Posted to user@flume.apache.org by orahad bigdata <or...@gmail.com> on 2014/02/27 16:49:05 UTC

Flume log event per file

Hi All,

I'm new in flume , I have a small Hadoop setup and flume agent on that,I'm
using tail -f logfilename file as a source.

When I started the agent it is ingesting data into hdfs, but each file only
contains 10 lines can we configure the number of line per file on hdfs?

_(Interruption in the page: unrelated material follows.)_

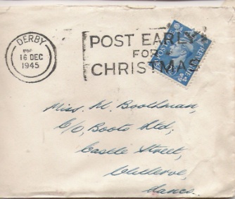 This envelope addressed to Muriel at Boots in Clitheroe was amongst 40 envelopes that had contained love letters between Dave and Muriel between July 1945 and May 1946. After their 50th Wedding Anniversary D&M destroyed the actual letters feeling that they were too personal to ever be read by anyone else. However they kept the envelopes until their deaths.

below is my agent conf file.


agent.sources = pstream
agent.channels = memoryChannel
agent.channels.memoryChannel.type = memory
agent.channels.memoryChannel.capacity = 100000
agent.channels.memoryChannel.transactionCapacity = 10000
agent.sources.pstream.channels = memoryChannel
agent.sources.pstream.type = exec
agent.sources.pstream.command = tail -f /root/dummylog
agent.sources.pstream.batchSize=1000
agent.sinks = hdfsSink
agent.sinks.hdfsSink.type = hdfs
agent.sinks.hdfsSink.channel = memoryChannel
agent.sinks.hdfsSink.hdfs.path = hdfs://xxxxx:xxx/somepath
agent.sinks.hdfsSink.hdfs.fileType = DataStream
agent.sinks.hdfsSink.hdfs.writeFormat = Text


Thanks

Re: Flume log event per file

Posted by Jeff Lord <jl...@cloudera.com>.
It looks like you have not configured any properties for "rolling"
files on hdfs.
The default rollCount is 10 (events).

http://flume.apache.org/FlumeUserGuide.html#hdfs-sink

The flume hdfs sink can be configured to roll based on size, # of
events, or time.

hdfs.rollInterval30Number of seconds to wait before rolling current
file (0 = never roll based on time interval)
hdfs.rollSize1024File size to trigger roll, in bytes (0: never roll
based on file size)
hdfs.rollCount10Number of events written to file before it rolled (0 =
never roll based on number of events)

On Thu, Feb 27, 2014 at 7:49 AM, orahad bigdata <or...@gmail.com> wrote:
> Hi All,
>
> I'm new in flume , I have a small Hadoop setup and flume agent on that,I'm
> using tail -f logfilename file as a source.
>
> When I started the agent it is ingesting data into hdfs, but each file only
> contains 10 lines can we configure the number of line per file on hdfs?
>
> below is my agent conf file.
>
>
> agent.sources = pstream
> agent.channels = memoryChannel
> agent.channels.memoryChannel.type = memory
> agent.channels.memoryChannel.capacity = 100000
> agent.channels.memoryChannel.transactionCapacity = 10000
> agent.sources.pstream.channels = memoryChannel
> agent.sources.pstream.type = exec
> agent.sources.pstream.command = tail -f /root/dummylog
> agent.sources.pstream.batchSize=1000
> agent.sinks = hdfsSink
> agent.sinks.hdfsSink.type = hdfs
> agent.sinks.hdfsSink.channel = memoryChannel
> agent.sinks.hdfsSink.hdfs.path = hdfs://xxxxx:xxx/somepath
> agent.sinks.hdfsSink.hdfs.fileType = DataStream
> agent.sinks.hdfsSink.hdfs.writeFormat = Text
>
>
> Thanks